#### Aim of the task
Below is a listing; repeat exactly the lines from the one containing "win7安装虚拟机:快速搭建虚拟环境的完美指南" to the one containing "1pc Kids Cartoon", both included.

::: Material for this exercise

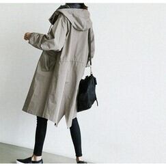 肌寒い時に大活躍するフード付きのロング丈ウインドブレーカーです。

::::::
::: Material for this exercise

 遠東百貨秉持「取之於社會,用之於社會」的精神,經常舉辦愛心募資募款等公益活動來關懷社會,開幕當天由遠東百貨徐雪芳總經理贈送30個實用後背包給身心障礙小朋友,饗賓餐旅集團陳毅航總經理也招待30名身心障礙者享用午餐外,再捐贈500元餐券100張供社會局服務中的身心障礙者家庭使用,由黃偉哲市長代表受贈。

::::::
::: Material for this exercise

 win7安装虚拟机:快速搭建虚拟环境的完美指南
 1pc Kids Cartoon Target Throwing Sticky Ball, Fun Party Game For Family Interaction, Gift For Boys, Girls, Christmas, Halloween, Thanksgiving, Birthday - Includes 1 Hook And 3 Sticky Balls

::::::

#### Solution to the exercise
 win7安装虚拟机:快速搭建虚拟环境的完美指南
 1pc Kids Cartoon Target Throwing Sticky Ball, Fun Party Game For Family Interaction, Gift For Boys, Girls, Christmas, Halloween, Thanksgiving, Birthday - Includes 1 Hook And 3 Sticky Balls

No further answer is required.